2015-04-17 Thread Jeff King
On Fri, Apr 17, 2015 at 08:15:40PM +0200, erik elfström wrote:

> > Doesn't this implementation get confused by modern submodule
> > checkouts and descend into and clean their working tree, though?
> > Module M with path P would have a directory P in the working tree of
> > the top-level project, and P/.git is a regular file that will fail
> > "is_git_directory()" test but records the location of the real
> > submodule repository i.e. ".git/modules/M" via the "gitdir:"
> > mechanism.
> >
> 
> Yes, there is a problem here.
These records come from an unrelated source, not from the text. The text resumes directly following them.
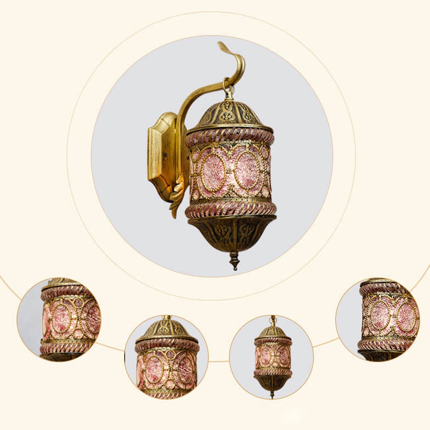 مصباح حائط وردي من الحديد المجوف على طراز جنوب شرق آسيا، مزود بإضاءة واحدة
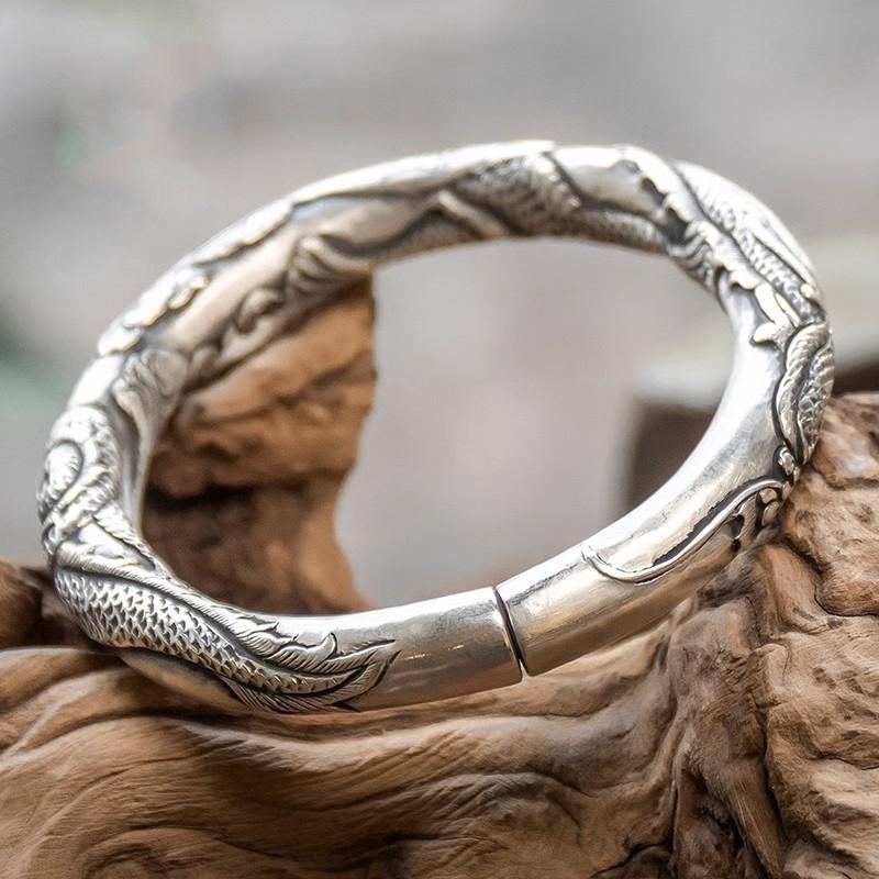 Браслет Guan Gong мужской, прочный, высокого класса, в стиле ретро, мужской, мощный, открытый, цилиндрический, рельефный браслет
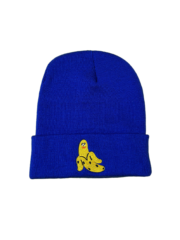 ⦠Embroidered knit beanie.
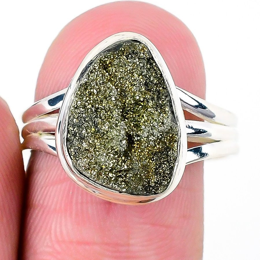 Pyrite Druzy Gemstone Solid Sterling Silver Anniversary New Cluster Ring Size 10
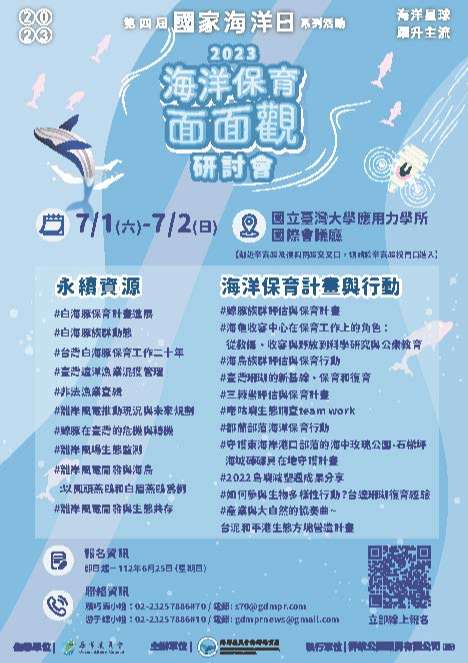 二、查旨揭研討會係訂於112年7月1-2日(星期六-日)假國立臺灣大學應用力學研究所國際會議廳舉行,為鼓勵所屬同仁參與海洋保育事務,海保署將提供全程參與之公務人員終身學習時數;請貴單位轉知所屬於6月25日(星期日)前踴躍報名,並提供出席人員公假參與。
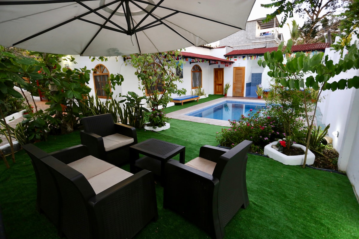 Patio Room with Garden View (#1) The Galapagos Pearl is a charming bed and breakfast retreat in a quiet, residential neighborhood in Puerto Ayora, Santa Cruz Island. It is located one and a half blocks away from Charles Darwin Avenue, the main tourist street of downtown. It is a convenient walking distance from the heart of town and a block and a half away from the sea.
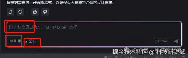 当前支持引用、图片、文字形式的输入,并不支持语音相关的输入。这个我认为后续应该可以优化,毕竟要和大模型对话非常多的次数才能完成一个成熟的产品。
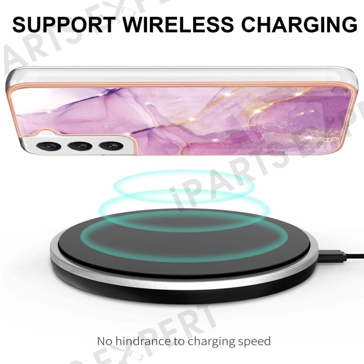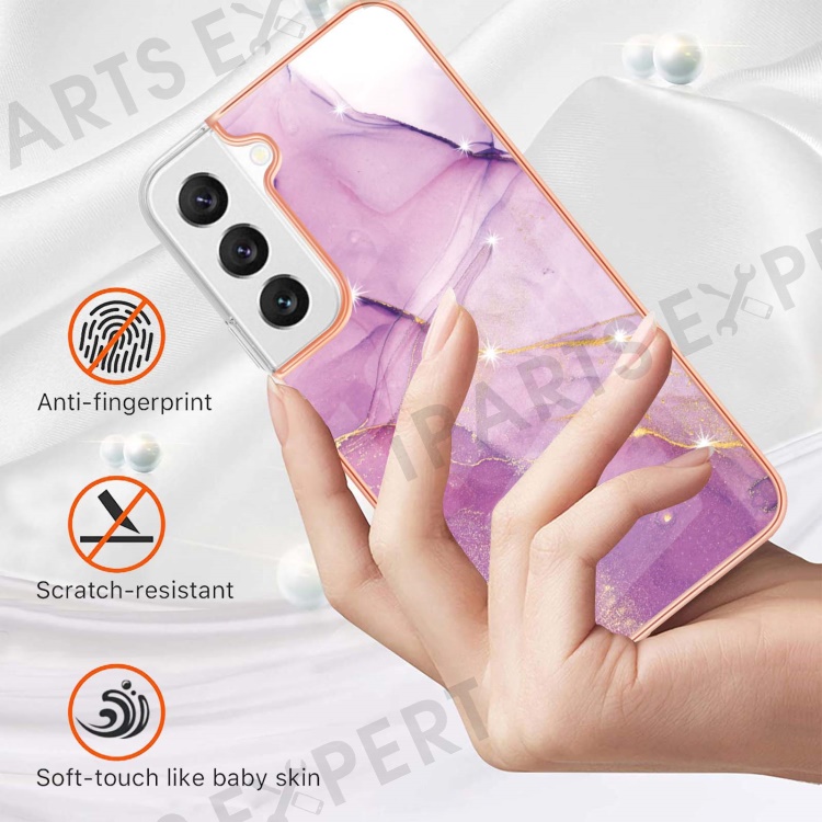 For Samsung Galaxy S23 TPU Case with IMD Marble Pattern Electroplated Back Cover - Purple 001
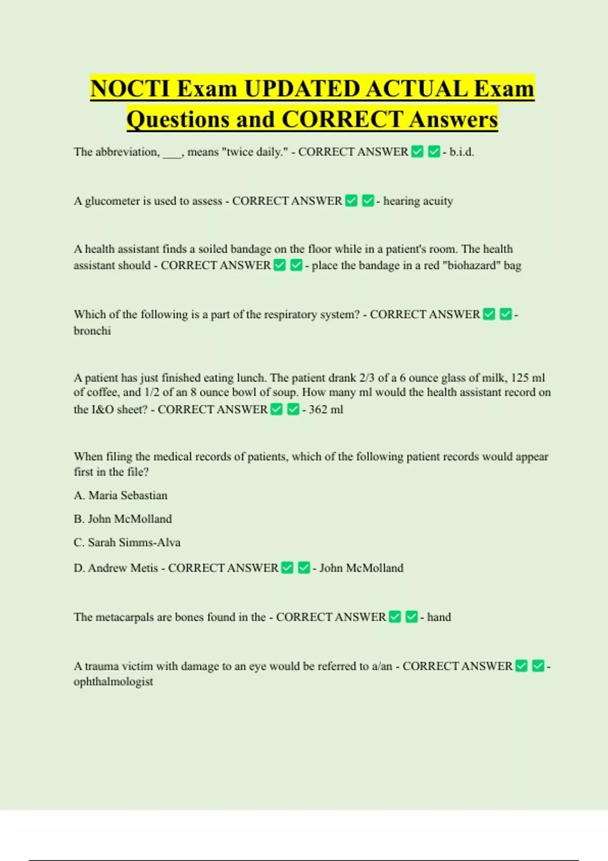 Questions and CORRECT Answers
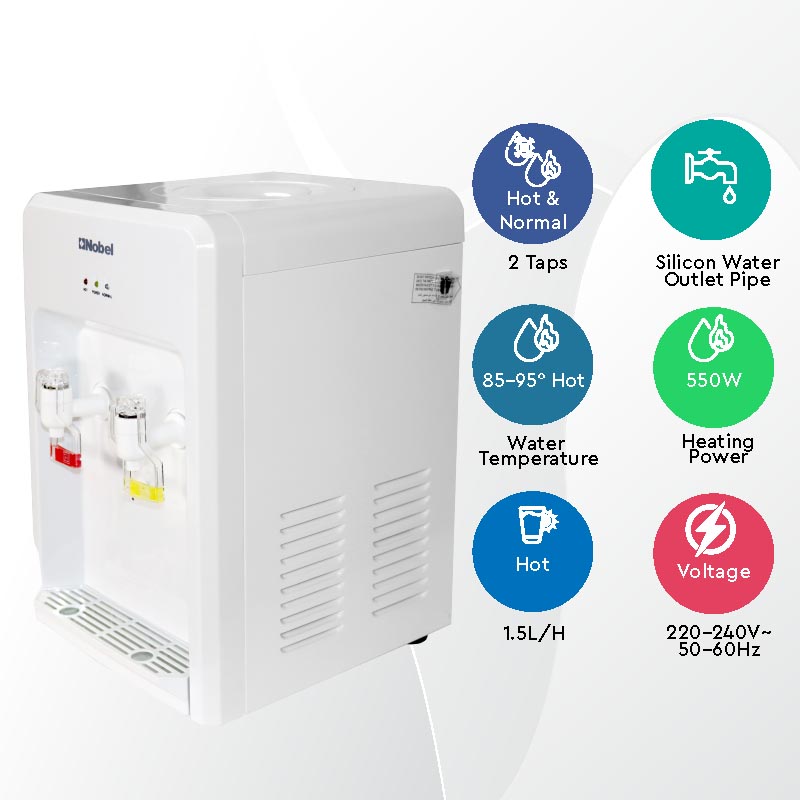 Nobel Table Top White 2 Taps Hot And Normal Durable Body 5L/H, 85-95°C Heating Capacity NWD553
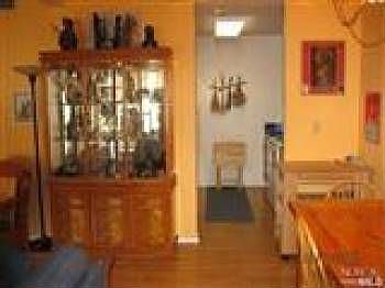 Beautifully appointed lower unit w/ open concept floor plan, handsome cabinets, tasteful fixtures, tile countertops, parking in gated area, ready for new owner, property sold as is
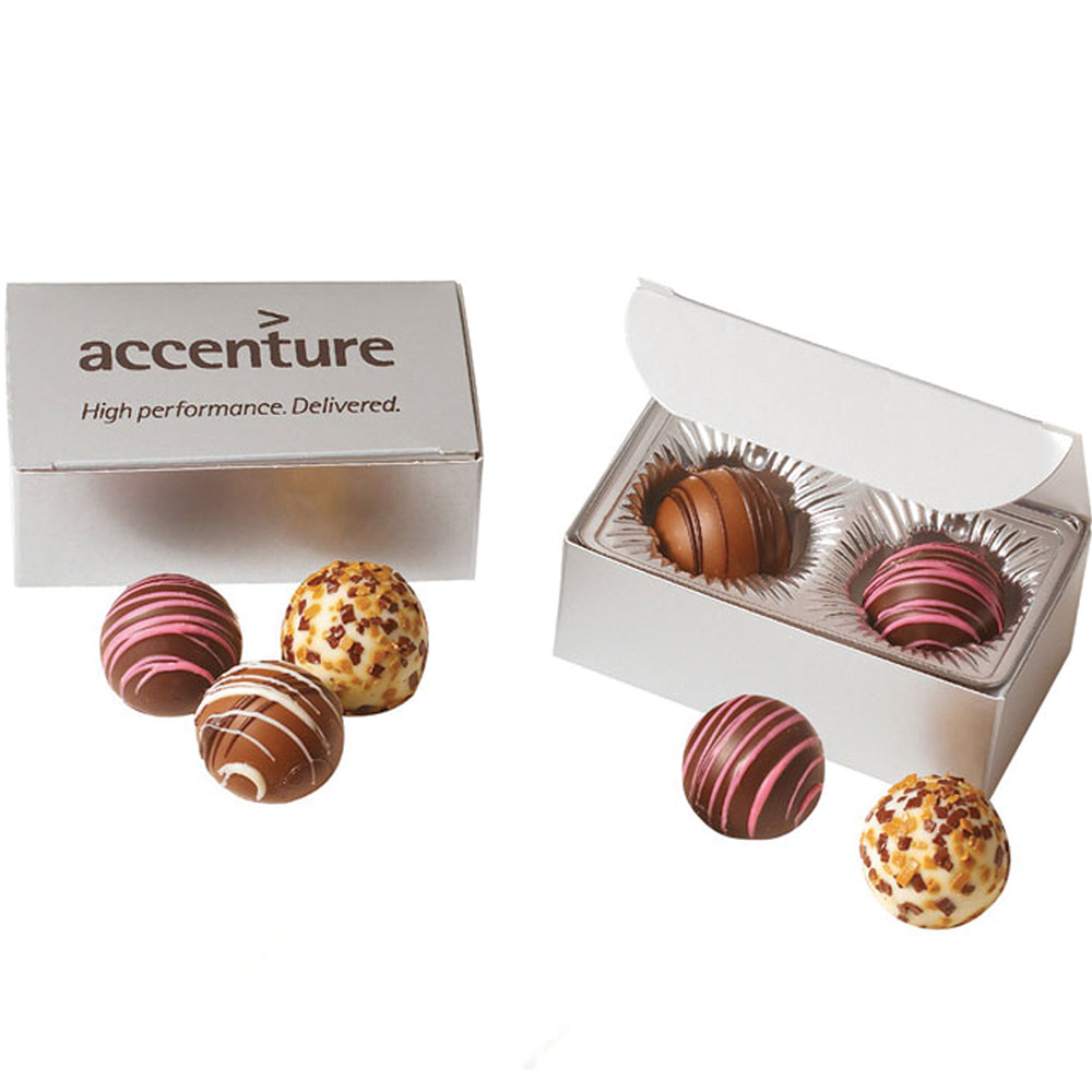 Thank each customer for their continued business during appreciation events or holidays with this sweet treat! The decadent flavor filled truffles sit in a checkered pattern inside this elegant metallic gift box with matching stretch bow. Box is filled with 2 assorted truffle flavors .Imprint the box with your foil stamped logo. Also makes a superb amenity for hotels, spas and upscale boutiques. Price includes one color, one location imprint.
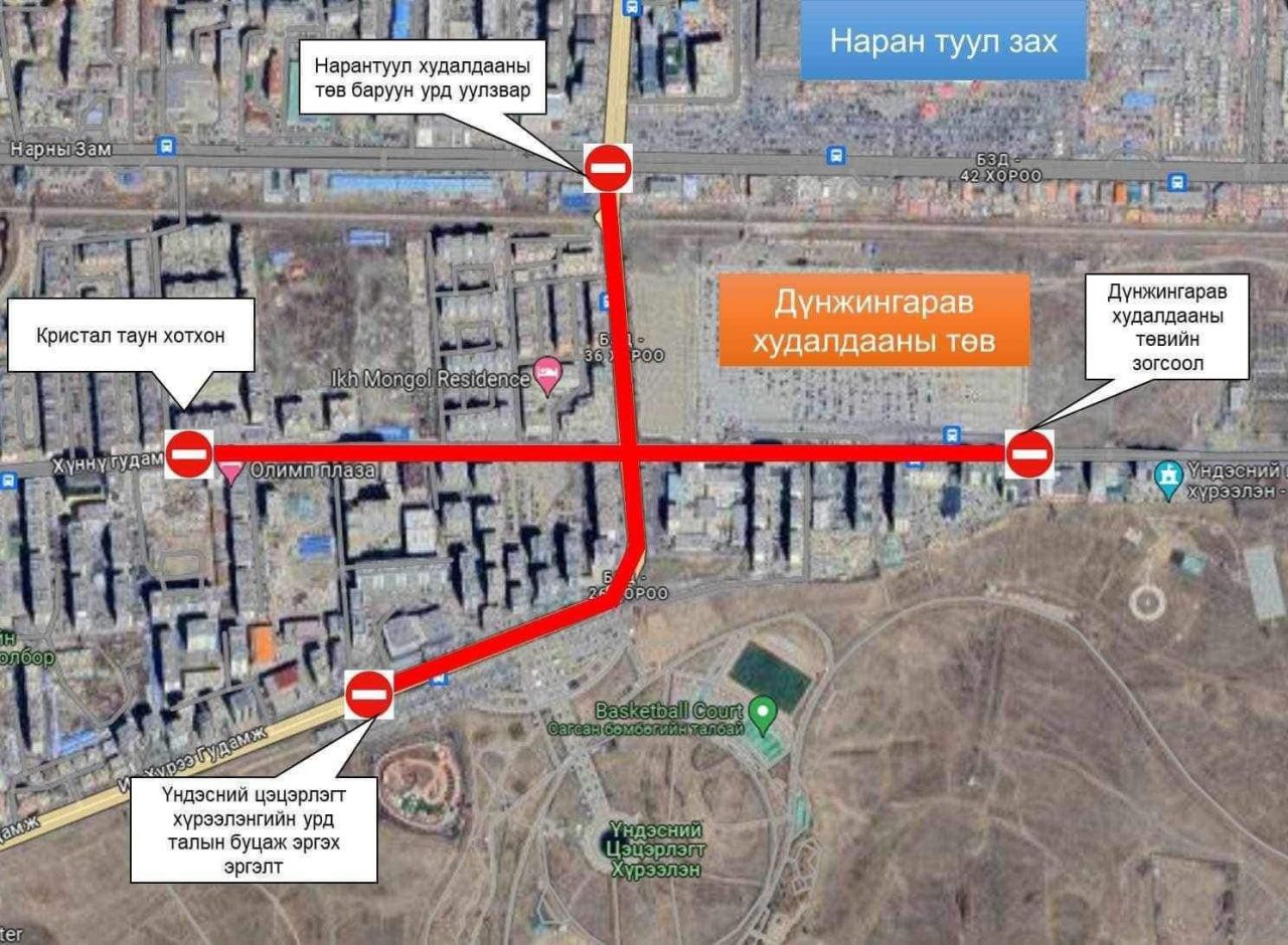 - Нарантуул худалдааны төв баруун урд уулзвар хүрэх чиглэлд замуудыг 200-500 орчим метрийн зайд хязгаарлалт хийж, түр хугацаагаар хаагаад байгаа юм.

I've added the test below and it fails after
> my change by cleaning sub2 (sub1 is not cleaned). Are there more cases
> here that I should test for?

I wonder about the opposite case, too (finding more repos than we used
to).

It looks like your patches will find bare repositories in the tree,
whereas the current code does not (it only cares about ".git"). AFAIK,
submodules will never exist as bare in the working tree. And I have seen
repositories which embed bare repos as test cases. Admittedly this is
because I work on projects that are related to git itself, but I don't
see a reason to regress this case if the submodule code doesn't get any
benefit.

> Base on the previous discussion of the patch topic I can see 3 options
> for how to fix this:
> 
> Option 1:
>  Plug the hole in my new is_git_repository function. A quick and dirty
>  fix that passes the above test would be:

I think that makes sense. It would be nice if you could just call
read_gitfile, but that function is very anxious to die on error. So the
prerequisite step would probably be to refactor that into a
read_gitfile_gently that returns an error code.

-Peff

PS Thank you for working on this. I have been quiet because I haven't
   had a chance to look over your patches carefully yet, but overall
   they look very promising.
--
To unsubscribe from this list: send the line "unsubscribe git" in
the body of a message to majord...@vger.kernel.org
More majordomo info at  http://vger.kernel.org/majordomo-info.html


Re: [PATCH v2 3/3] clean: improve performance when removing lots of directories

2015-04-17 Thread erik elfström
On Wed, Apr 15, 2015 at 7:56 PM, Junio C Hamano  wrote:
> Erik Elfström  writes:
>
>> Before this change, clean used resolve_gitlink_ref to check for the
>> presence of nested git repositories. This had the drawback of creating
>> a ref_cache entry for every directory that should potentially be
>> cleaned. The linear search through the ref_cache list caused a massive
>> performance hit for large number of directories.
>
> I'd prefer to see the "current state" described in the current
> tense, e.g.
>
> "git clean" uses resolve_gitlink_ref() to check for the presence of
> nested git repositories, but it has the drawback of creating a
> ref_cache entry for every directory that should potentially be
> cleaned. The linear search through the ref_cache list causes a
> massive performance hit for large number of directories.
>

Yes, that reads better.

>> Teach clean.c:remove_dirs to use setup.c:is_git_directory
>> instead. is_git_directory will actually open HEAD and parse the HEAD
>> ref but this implies a nested git repository and should be rare when
>> cleaning.
>
> I am not sure what you wanted to say in this paragraph.  What does
> it being rare have to do with it?  Even if it is not rare (i.e. the
> top-level project you are working with has many submodules checked
> out without using the more recent "a file .git pointing into
> .git/modules/ via 'gitdir: $overThere'" mechanism), if we found a
> nested git repository, we treat it as special and exclude it from
> cleaning it out, which is a good thing, no?
>

I was trying to motivate that the performance of is_git_directory is not a
problem for us even though it opens a file and parses it. I see now when I
read it again that this is not very clear.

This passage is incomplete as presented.